DATA COLLECTION ISSUES
- Data Accuracy
- Interviewer Bias
- Non Response Bias
- Observer Bias
- Selection Bias
- Measurement Error
- Internal Validity
- External Validity
Selection Bias
Bias interjected through the way subjects are selected for data collection.
Observer Bias
Data collection through personal behaviour is also subject to problems. People tend to view the same event or item differently. This is referred to as observer bias.
Internal Validity
A characteristic of an experiment in which data are collected in such a way as to eliminate the effect of variables within the experimental environment that are not of interest to the researcher.
External Validity
A characteristic of an experiment whose results can be generalized beyond the test environment so that the outcomes can be replicated when the experiment is repeated.
Population
the set of all objects or individuals of interest or the measurements obtained from all objects or individuals of interest.
Sample
a subject of the population
Census
an enumeration of the entire set of measurements taken from the whole population
Statistical Sampling Techniques:
those sampling methods that use selection techniques based on chance selection
Non-Statistical Sampling Techniques
Those methods of selecting samples using convenience, judgement or other non chance processes
Convenience Sampling
a sampling technique that selects the items from the population based on accessibility and ease of selection
Frame
the list of all objects or individuals in the population
Parameters
descriptive numerical measures, such as an average or a proportion, that are computed from an entire population
Statistic
corresponding measures for a sample
Statistical sampling methods
also called probability sampling, allow every item in the population to have a known or calculable chance of being included in the sample
Statistic Sampling Methods
the fundamental statistical sampling method is called a SIMPLE RANDOM SAMPLING , other types of statistical sampling methods are STRATIFIED RANDOM SAMPLING, SYSTEMATIC SAMPLING AND CLUSTER SAMPLING
Simple Random Sampling
A method of selecting items from a population such that every possible sample of a specified size has an equal chance of being selected
Stratified Random Sampling
a statistical sampling method in which the population is divided into subgroups called strata, so that each population item belongs to only one stratum.

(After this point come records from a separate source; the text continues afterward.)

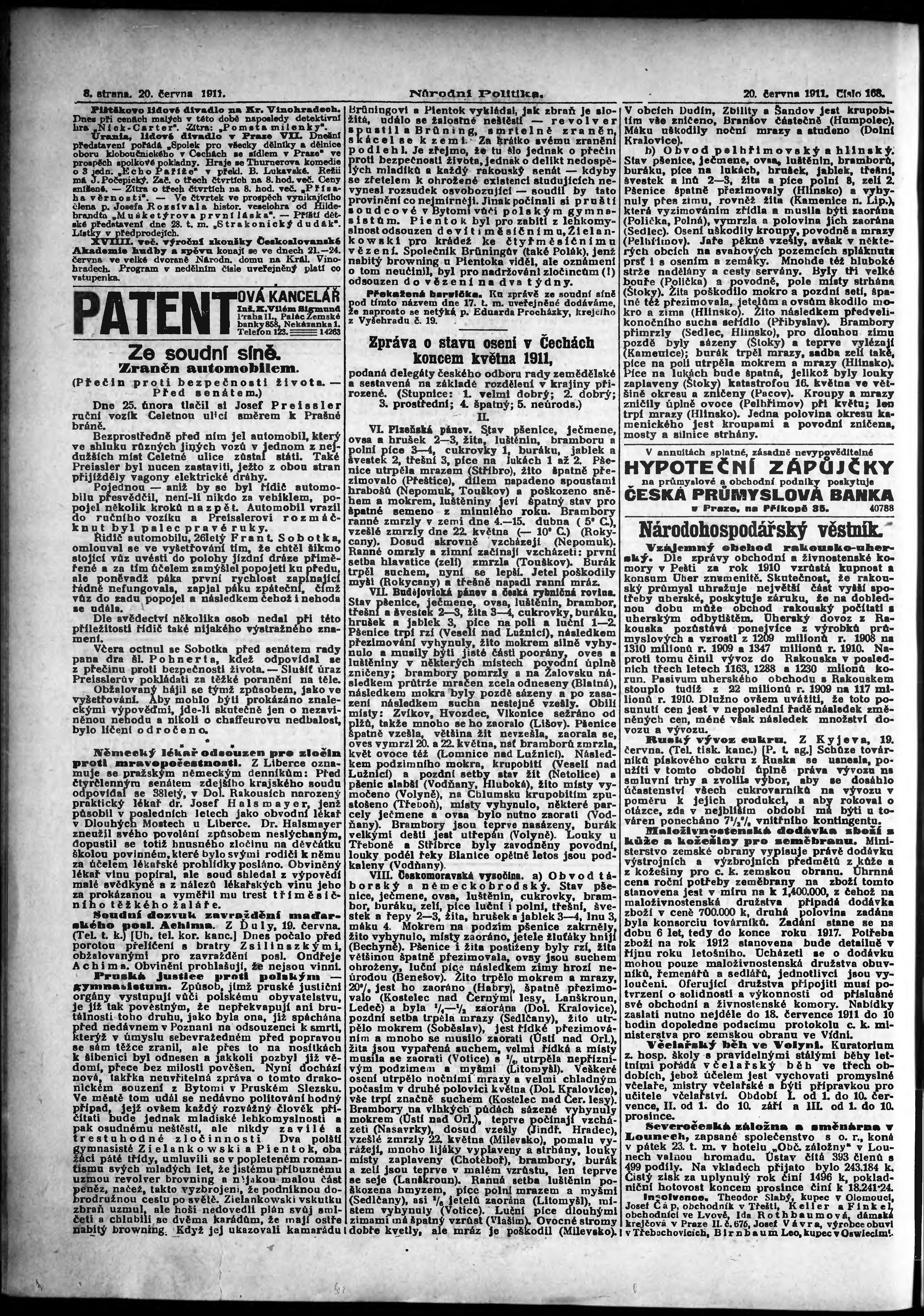 * Datum vydání výtisku: 20.6.1911 Číslo výtisku: 168 Poznámky k výtisku: ranní vydání;
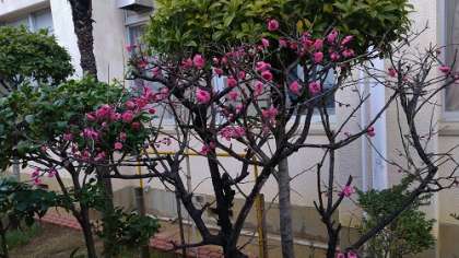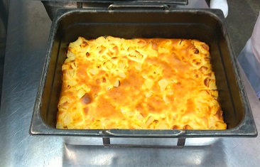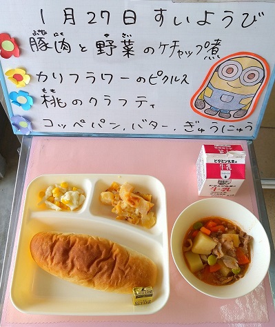 給食の「桃のクラフティ」は、フランスの家庭料理の焼き菓子を参考にして作ります。ミニバットに、コーンフレークを敷き、小麦粉、砂糖、卵、クリーム、桃(缶)を混ぜ合わせた生地を流し入れて、こんがり焼きました。子ども達に「おいしい」と好評でした。
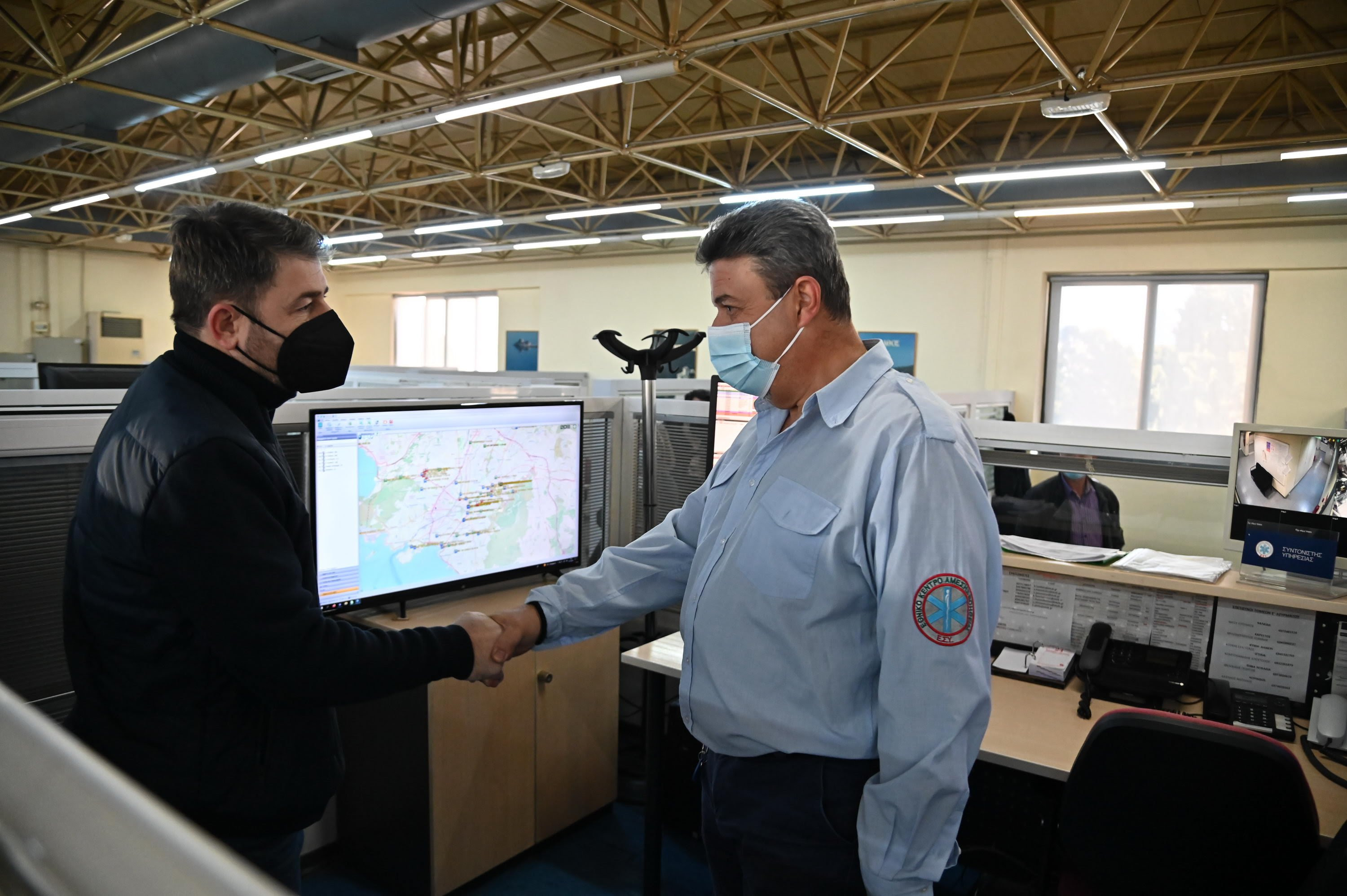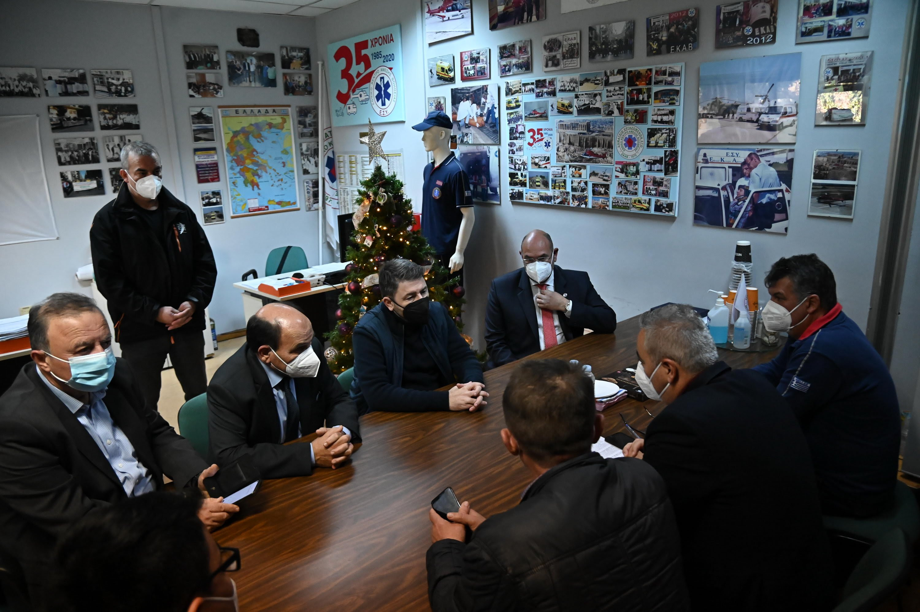 Με τους εργαζομένους στο Κέντρο Επιχειρήσεων Υγείας του ΕΚΑΒ αντάλλαξε ευχές ο Πρόεδρος του ΠΑΣΟΚ-Κινήματος Αλλαγής.
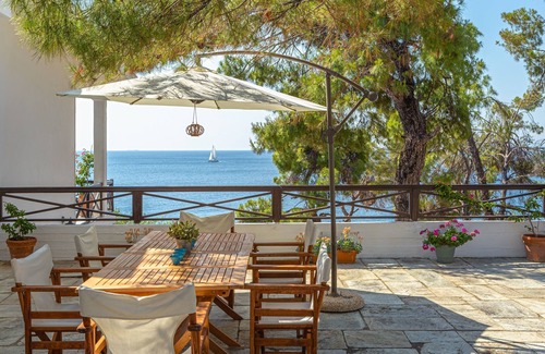 The villa itself is spacious and opens onto wide verandas and sun-drenched terraces framed by oleander, olive, and pine trees. Simply yet comfortably furnished, Villa Alonissos blends naturally into its stunning seafront surroundings.
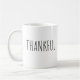 Ett enkelt, modernt fall kaffe mugg med citatet "Tack och lov". Gör en underbar värdinna-gåva till Thanksgiving.
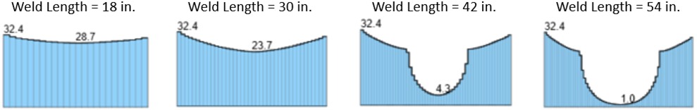 For Connection A, fourteen weld lengths were tested, increasing in 4 in. increments between 10 in. and 62 in. For Connection B, thirteen weld lengths were tested, increasing in 10 in. increments between 10 in. and 130 in. A comparison of strength vs. weld length is presented in Figure 9 for Connection A and Figure 11 for Connection B. Stress distributions along the length of the weld are presented for varying weld lengths in Figure 10 for Connection A and Figure 12 for Connection B.
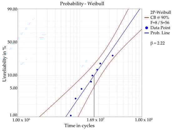 To compare the theoretically calculated rating life with the actual rating life, the actual rating life must first be determined. For this purpose, the experimental rating life B10 is calculated for a 10% probability of failure using the failure times of the eight rating life tests (RV 1-5 and SV 1-3) and a 2-parametric Weibull distribution. This results in an experimental rating life of B10 = 16.99 × 106 oscillation cycles (see Figure 8).
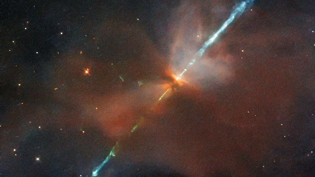 Lo que ves ahí arriba es, en palabras de la NASA, un “fenómeno celeste relativamente raro”, conocido como objeto Herbig-Haro. Estos espectaculares objetos se forman en circunstancias muy concretas. En ocasiones, las estrellas recién formadas expulsan chorros de gas ionizado a gran velocidad. Esas corrientes de gas ionizado luego chocan con las nubes de gas y polvo que rodean a las estrellas recién formadas, formando los objetos Herbig-Haro y dejando esa espectacular y brillante estela que ha podido capturar el Hubble.
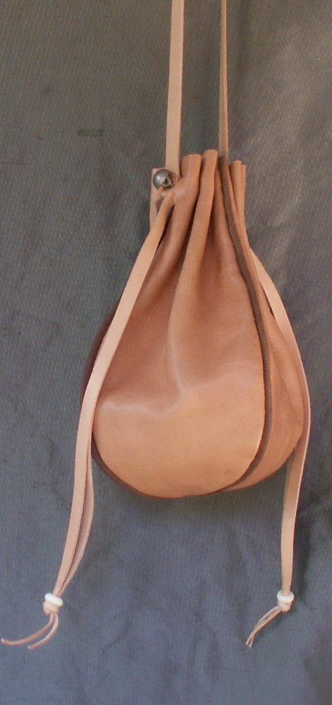 This purse is made from tan goat skin with brown piping and is stitched by hand. The design for this purse comes from number of paintings and illustrations and is a common style from the 14th to the 17th centuries. It hangs from a leather cord and the top is held closed by two leather draw strings which have hand made beads on the ends.
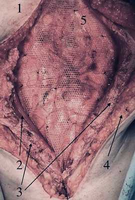 Один из этапов хирургического лечения гигантской грыжи передней брюшной стенки. Фиксация сетчатого трансплантата на место грыжевого дефекта. Цифрами указаны слои передней брюшной стенки и сетчатый протез.
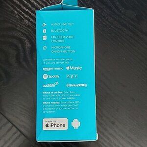 • Connects to the Alexa app on your phone and plays through your car's speakers via auxiliary input or your smartphone's Bluetooth connection
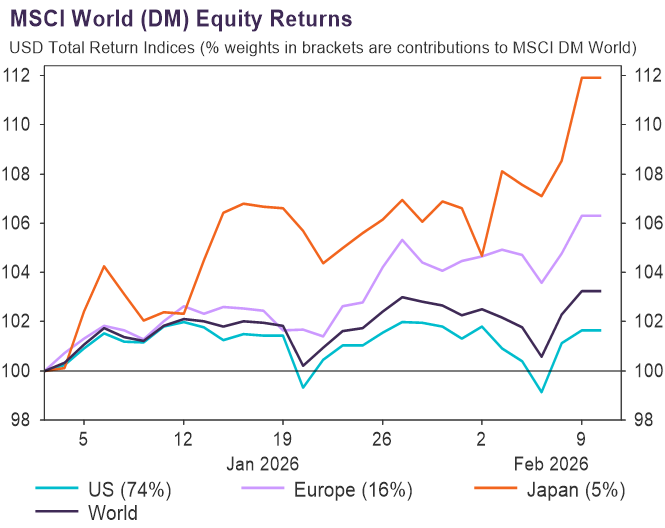 Figure 2: Positive DM equities performance YTD to February 10 (lagging EM Equities)
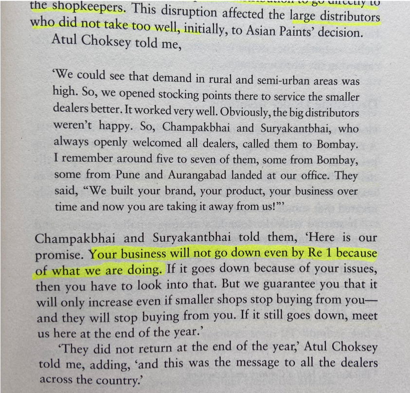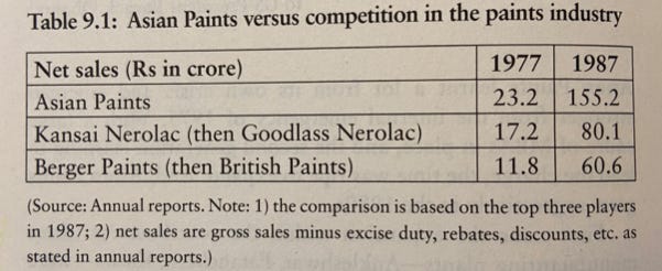 When I look at Champaklal Choksey and the values with which he started his paints business, he was sure (and this has come from all my interviews) that for Asian Paints to survive, the industry must do well. So he never disrupted the industry. He established the best practices for all paints players, and, as history has shown, made several big decisions about the future of the industry that were proven gloriously right. If you’re still at the top after 55 years of huge societal, technological, and economic change - you’ve probably done something right.
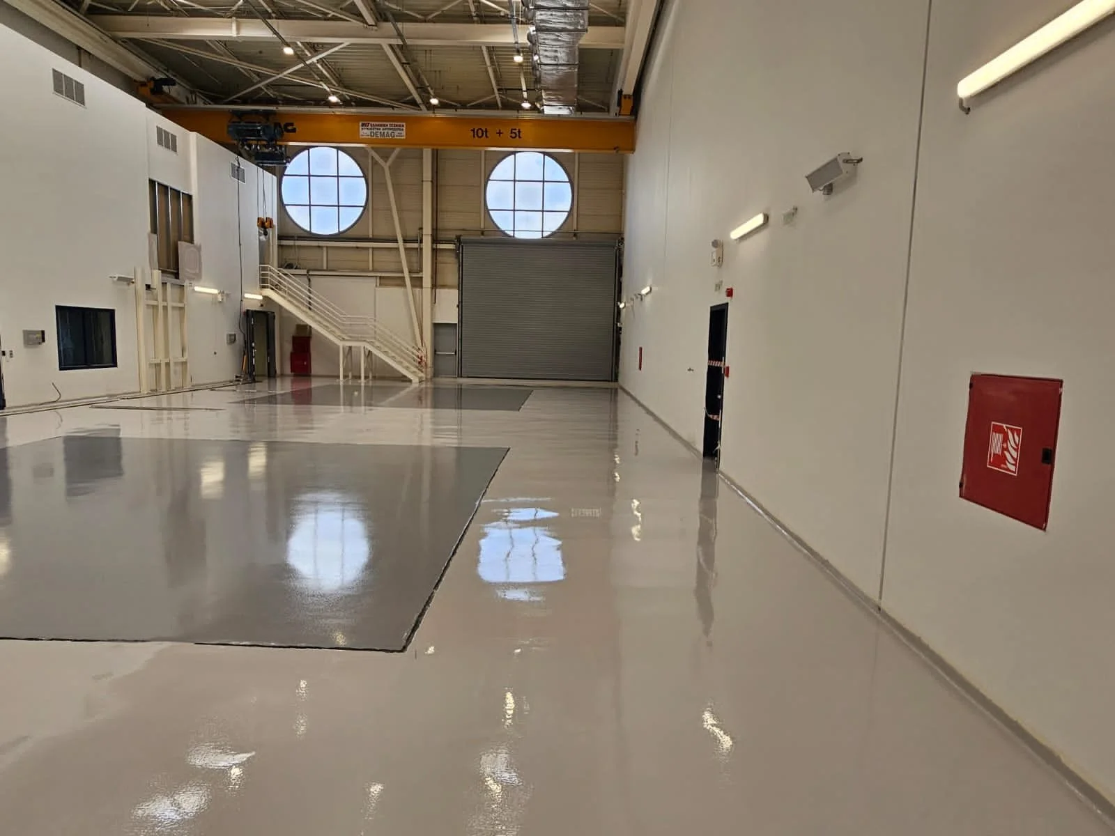 Στους χώρους των προσομοιωτών πτήσης, εφαρμόστηκε ειδικό εποξειδικό-πολυουρεθανικό σύστημα υψηλής ελαστικότητας και εξαιρετικής επιπεδότητας (±0,5 mm/m), ικανό να απορροφά τους κραδασμούς των μηχανημάτων προσομοίωσης.
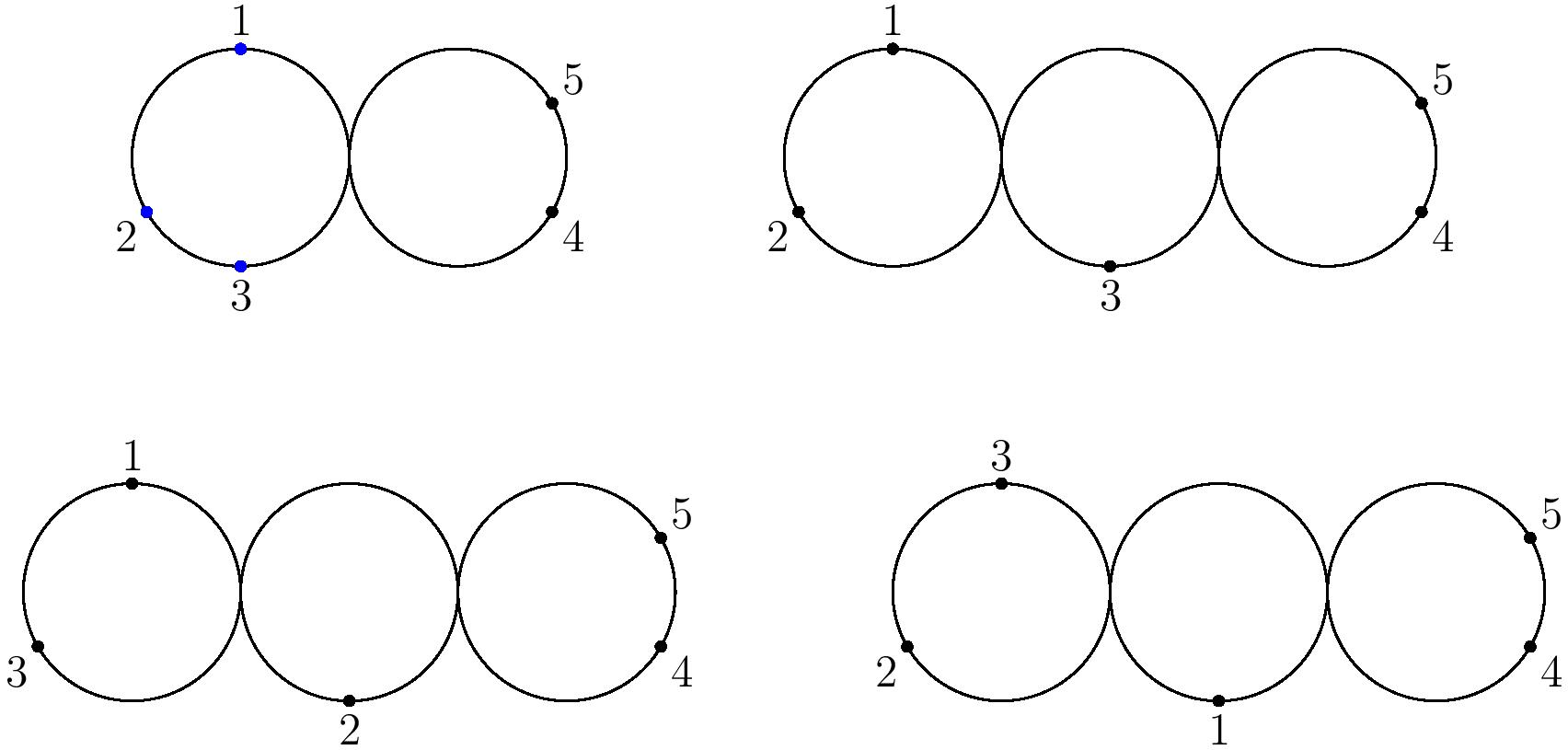 and all further degenerations along this locus, namely the three “boundary” points in which we can think of the $4,5$ bubble as colliding with $1$, $2$, or $3$, as shown in the other three diagrams above. The four pictures above together form a boundary stratum, meaning the closure in $\overline{M}_{0,5}$ of the set of all curves with a given dual tree.
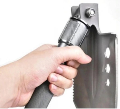 Bardzo solidna i wytrzymała saperka z rozkręcaną aluminiową rękojeścią o chropowatej strukturze ułatwiającej chwyt i pewność trzymania.
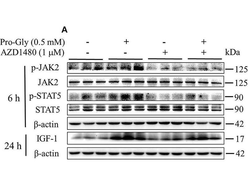 Background: JAK2 (Janus Activating Kinase 2) is a tyrosine kinase of the non-receptor type, that associates with the intracellular domains of cytokine receptors, JAK2 is the predominant JAK kinase activated in response to several growth factors and cytokines such as IL-3, GM-CSF and erythropoietin, it has been found to be constitutively associated with the prolactin receptor and is required for responses to gamma interferon. Ligand binding to a variety of cell surface receptors (e.g., cytokine, growth factor, GPCRs) leads to an association of those receptors with JAK proteins, which are then activated via phosphorylation on tyrosines 1007 and 1008 in the kinase activation loop. Activated JAK proteins phosphorylate and activate STAT (signal transducers and activators of transcription) proteins, which then dimerize and translocate to the nucleus. Once in the nucleus, STAT proteins bind to DNA and modify the transcription of various genes.
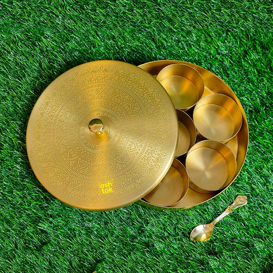Ashtok Brass Spice Box, Masala Box with 7 Cups and 1 Spoon & Lid, Floral Crafted Design
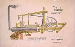 Steam engines appeared in the United States as a source of power in the late 18th century, and living in Delaware and Philadelphia meant Evans was exposed to early examples of their application there. John Fitch had launched the first rudimentary steamboat onto the Delaware River in the late 1780s,[41] and the Philadelphia waterworks was by 1802 operating two low-pressure steam engines to pump water from the Schuylkill River, but these were rare examples and most instances of this new technology were to be found in Europe.[42] Much of the development of steam power had occurred in Great Britain, with Thomas Newcomen and James Watt instrumental in developing and commercializing steam power there and elsewhere in Europe, with several hundred of machines operating there in industrial and labor-saving applications by 1800.[43]
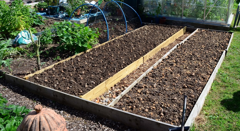 All change on plot #92. My disappointing Charlottes are out – just under 8kg from 18 seed spuds, where normally I would expect at least double that weight – which meant that I could get on with reconfiguring that side of the plot for the new saffron bed.

The objective is to form a strata such that the population values of interest within each stratum are as much alike as possible. Sample items are selected from each stratum using the simple random sampling methods
Systematic Random Sampling
a statistical sampling technique that involves selecting every Kth item in the population after a randomly selected starting point between 1 and K. The value of K is determined as the ratio of the population size over the desired sample size
Cluster Sampling
a method by which the population is divided into groups or clusters that are each intended to be mini-populations. A simple random sample of a cluster can be selected using any probability sampling technique
Quantitive data
measurements whose values are inherently numberical
Qualitative data
data whose measurements scale is inherently categorical
Time Series data
a set of consecutive data values observed at successive points in time
Cross-sectioned data
a set of data values observed at a fixed point in time
DATA MEASUREMENTS LEVELS
- Nominal data
- Ordinal data
- Interval data
- Ratio data
Nominal data
the lowest form of data, assigning codes to categories generates nominal data. Values given to categories that have no specific meaning are nominal data, because the order of the categories is arbitrary. With NOMINAL data, we also have complete control over what codes are used
Ordinal data
ORDINAL or rank data are one notch above nominal data on the measurement hierarchy. At this level, the data elements can be rank-ordered on the basis of some relationship among them, with the assigned values indicating this order
Interval data
if the distance between two data items can be measured on some scale and the data have ordinal properties (>,<,=) the data are said to be interval data. Best example is TEMPERATURE
Ratio data
data that have all the characteristics of interval data but also have a zero point (at which means “none”) are called RATIO data. Ratio measurements is the highest level of measurements. Weight is a good example of RATIO data.